Department of Psychology, University of South Carolina, Columbia, SC 29208, USA.
Soc Sci Med. 2012 Jun;74(11):1833-41. doi: 10.1016/j.socscimed.2011.08.034. Epub 2011 Sep 24.
By disrupting the routine practices and social structures that support social hierarchy, disasters provide a unique opportunity to observe how gender, race, and class power relations are enacted and reconstituted to shape health inequities. Using a feminist intersectional framework, we examine the dynamic relationships among a government/corporate alliance, front-line disaster recovery workers, and disadvantaged residents in Mississippi Gulf Coast communities in the aftermath of Hurricane Katrina, which struck in August, 2005. Data were collected between January 2007 and October 2008 through field observations, public document analysis, and in-depth interviews with 32 front-line workers representing 27 non-governmental, nonprofit community-based organizations. Our analysis reveals how power relationships among these groups operated at the macro-level of the political economy as well as in individual lives, increasing health risks among both the disadvantaged and the front-line workers serving and advocating on their behalf. Socially situated as outsiders-within, front-line recovery workers operated in the middle ground between the disadvantaged populations they served and the powerful alliance that controlled access to essential resources. From this location, they both observed and were subject to the processes guiding the allocation of resources and their unequal outcomes. Following a brief period of hope for progressive change, recovery workers became increasingly stressed and fatigued, particularly from lack of communication and coordination, limited resources, insufficient capacity to meet overwhelming demands, and gendered and racialized mechanisms of marginalization and exclusion. The personal and collective health burdens borne by these front-line recovery workers--predominantly women and people of color - exemplify the ways in which the social relations of power and control contribute to health and social inequities.
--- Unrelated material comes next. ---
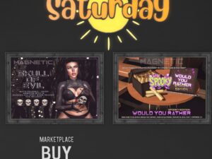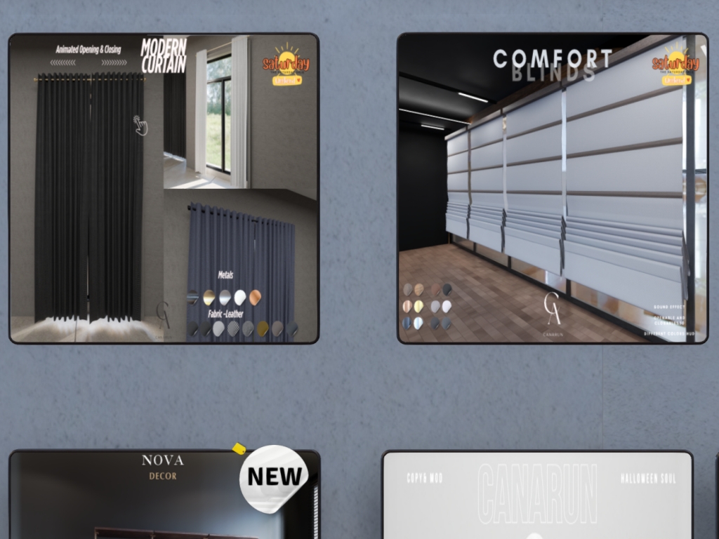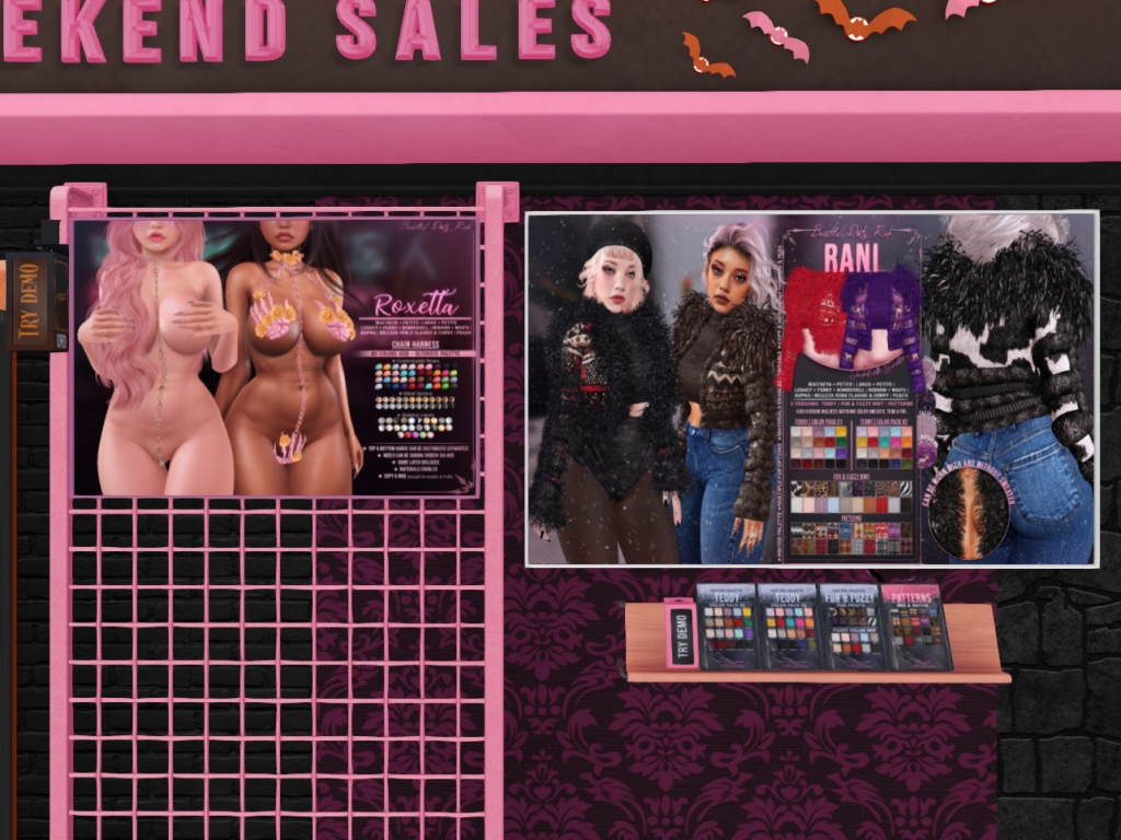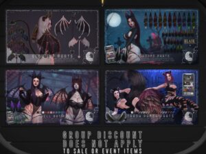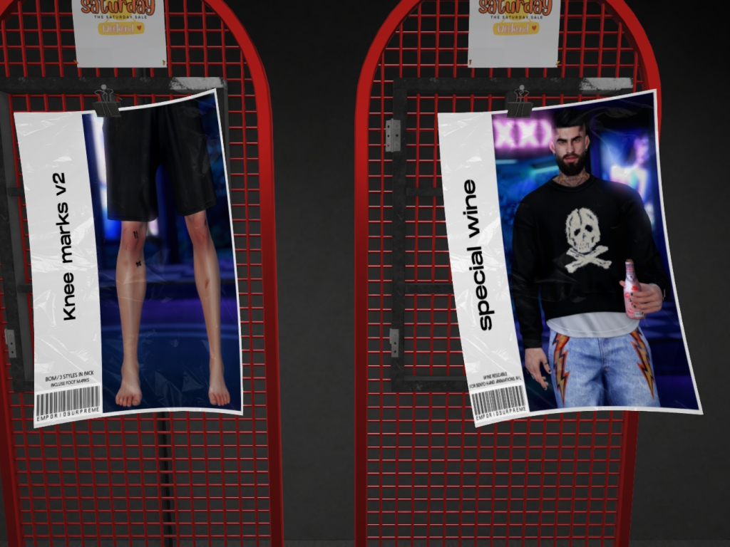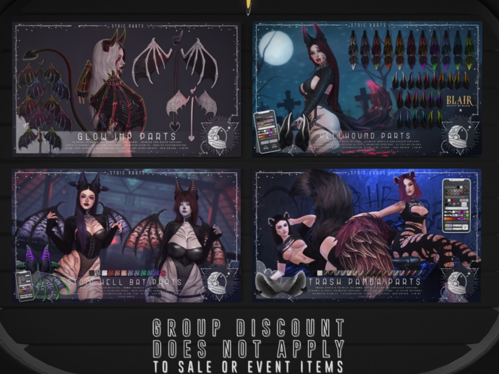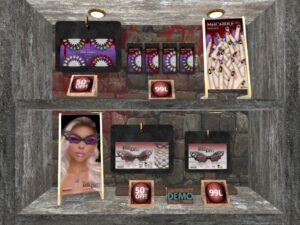 Featuring: Accessories, Animations/Poses/Props, Avatar Components, Avatar Enhancements, Builds, Clothing, Cosmetics/Nails, Hairs, Home and Garden, Skins, Tattoos, Vehicles

通过打破支持社会等级制度的日常惯例和社会结构,灾难为观察性别、种族和阶级权力关系如何发挥作用以及如何重新构建以塑造健康不平等现象提供了独特的机会。我们使用女权主义交叉框架,研究了政府/企业联盟、一线灾难恢复工作者与密西西比州墨西哥湾沿岸社区弱势居民之间的动态关系,这些社区在 2005 年 8 月卡特里娜飓风袭击后遭受了影响。数据是通过实地观察、公共文件分析以及对 32 名代表 27 个非政府、非营利社区组织的一线工作人员进行深入访谈,于 2007 年 1 月至 2008 年 10 月期间收集的。我们的分析揭示了这些群体之间的权力关系如何在政治经济的宏观层面以及在个人生活中运作,增加了弱势人群和为他们服务和倡导的一线工作人员的健康风险。作为局内局外人,一线恢复工作人员处于他们所服务的弱势人群和控制获得基本资源的强大联盟之间的中间地带。从这个位置,他们既观察又受到指导资源分配及其不平等结果的过程的影响。在经历了一段对进步变革的短暂希望之后,恢复工作人员变得越来越紧张和疲惫,特别是由于缺乏沟通和协调、资源有限、满足巨大需求的能力不足以及边缘化和排斥的性别和种族化机制。这些一线恢复工作人员——主要是女性和有色人种——承受的个人和集体健康负担体现了权力和控制的社会关系如何导致健康和社会不平等。